THE TASK:
Each entry below should be written out exactly as it is, with no pictures.

MATERIAL TO PROCESS:
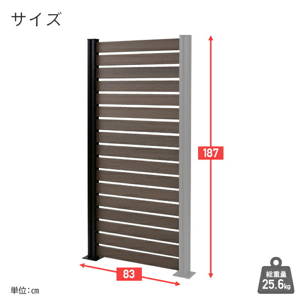 | 本体サイズ | ・完成時サイズ 幅83×奥行7×高さ187cm 重量25.6kg ・支柱サイズ(1本あたり) 幅7×奥行7×高さ187cm 重量8.6kg ・人工木1×4材サイズ(1本あたり) 幅80×奥行2×高さ9cm 重量1kg |
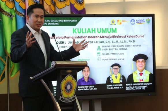 SuaraPemerintah.ID – Kuliah Umum bersama Mahasiswa Fakultas Ilmu Sosial dan Politik (Fisip) Universitas Sriwijaya (Unsri) dengan tema “Tata Kelola Pemerintahan Daerah Menuju Birokrasi Kelas Dunia”, Pelaksana Tugas (Plt) Bupati Muara Enim paparkan 5 (lima) langkah strategis Pemerintah Kabupaten Muara Enim dalam menjalan birokrasi pemerintahan, Selasa (7/3) di Ruang Prof. Djuani Mukti, UPT Lab Bahasa Kampus Bukit Besar Palembang
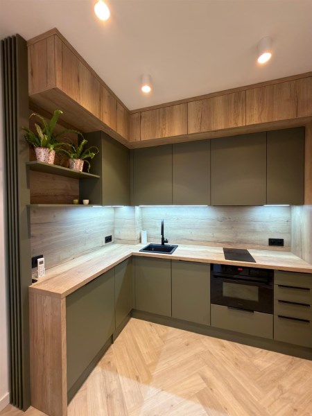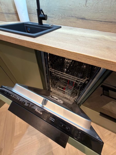 - kuchnia na wymiar wykonana przez stolarza wraz ze sprzętem AGD marki Amica
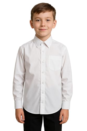 A2Z 4 Kids Boys Plain White School Uniform Shirts Long Sleeves - Boys UF Shirt White 9-10
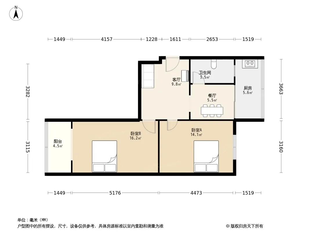 户型齐全,主打户型方正,明厨,主卧朝南二居
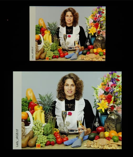Спектры компонент достаточно хорошо разделены, что и обуславливает широкий цветовой охват. Для потребительского устройства широкий цветовой охват является недостатком, поскольку в итоге цвета изображений — рисунков, фотографий и фильмов, — ориентированных на пространство sRGB (а таких подавляющее большинство), имеют неестественную насыщенность. Особенно это заметно на узнаваемых оттенках, например на оттенках кожи. Результат приведен на фотографиях выше.
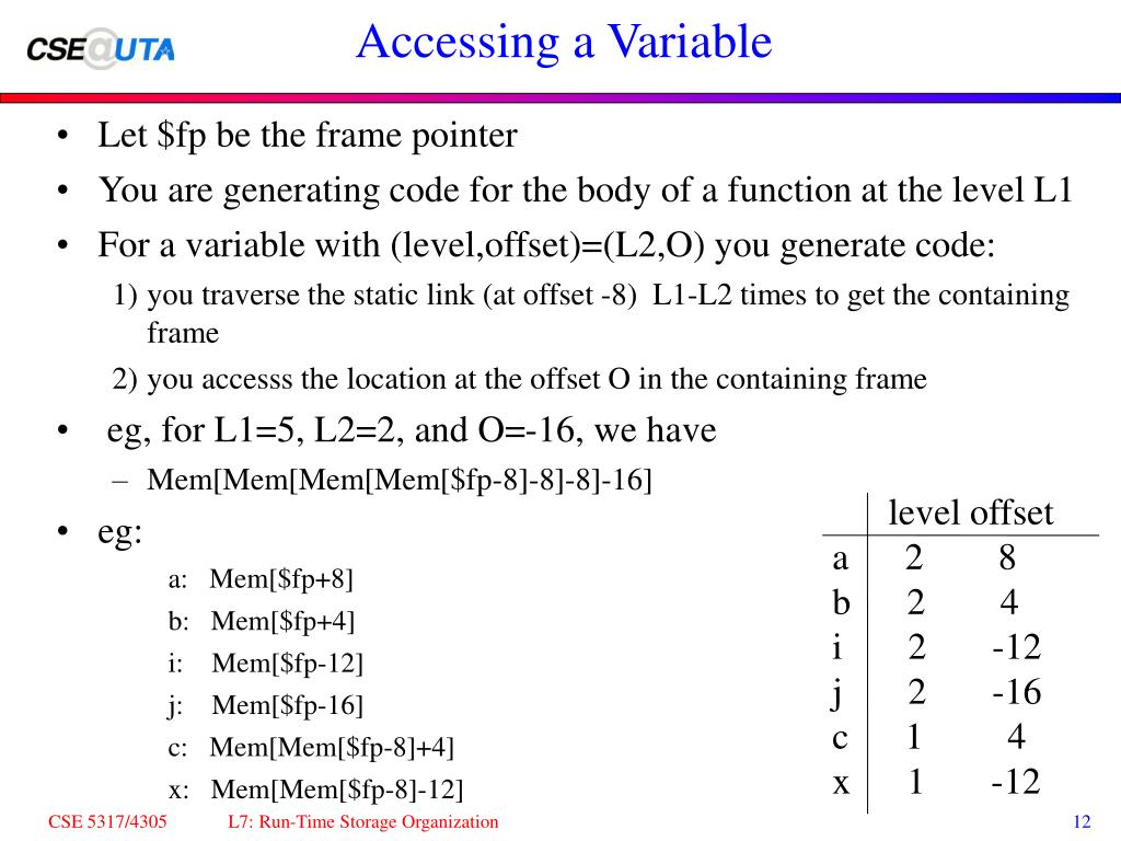 Variable Offsets procedure P ( c: integer ) x: integer; procedure Q ( a, b: integer ) i, j: integer; begin x := x+a+j; end; begin Q(x,c); end;
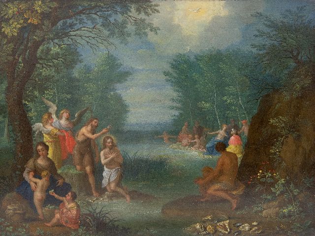 Jacob Andries Beschey | De doop van Christus in de Jordaan, olieverf op paneel, 24,3 x 31,9 cm

ANSWER TO THIS TASK:
 | 本体サイズ | ・完成時サイズ 幅83×奥行7×高さ187cm 重量25.6kg ・支柱サイズ(1本あたり) 幅7×奥行7×高さ187cm 重量8.6kg ・人工木1×4材サイズ(1本あたり) 幅80×奥行2×高さ9cm 重量1kg |
 SuaraPemerintah.ID – Kuliah Umum bersama Mahasiswa Fakultas Ilmu Sosial dan Politik (Fisip) Universitas Sriwijaya (Unsri) dengan tema “Tata Kelola Pemerintahan Daerah Menuju Birokrasi Kelas Dunia”, Pelaksana Tugas (Plt) Bupati Muara Enim paparkan 5 (lima) langkah strategis Pemerintah Kabupaten Muara Enim dalam menjalan birokrasi pemerintahan, Selasa (7/3) di Ruang Prof. Djuani Mukti, UPT Lab Bahasa Kampus Bukit Besar Palembang
 - kuchnia na wymiar wykonana przez stolarza wraz ze sprzętem AGD marki Amica
 A2Z 4 Kids Boys Plain White School Uniform Shirts Long Sleeves - Boys UF Shirt White 9-10
 户型齐全,主打户型方正,明厨,主卧朝南二居
Спектры компонент достаточно хорошо разделены, что и обуславливает широкий цветовой охват. Для потребительского устройства широкий цветовой охват является недостатком, поскольку в итоге цвета изображений — рисунков, фотографий и фильмов, — ориентированных на пространство sRGB (а таких подавляющее большинство), имеют неестественную насыщенность. Особенно это заметно на узнаваемых оттенках, например на оттенках кожи. Результат приведен на фотографиях выше.
 Variable Offsets procedure P ( c: integer ) x: integer; procedure Q ( a, b: integer ) i, j: integer; begin x := x+a+j; end; begin Q(x,c); end;
 Jacob Andries Beschey | De doop van Christus in de Jordaan, olieverf op paneel, 24,3 x 31,9 cm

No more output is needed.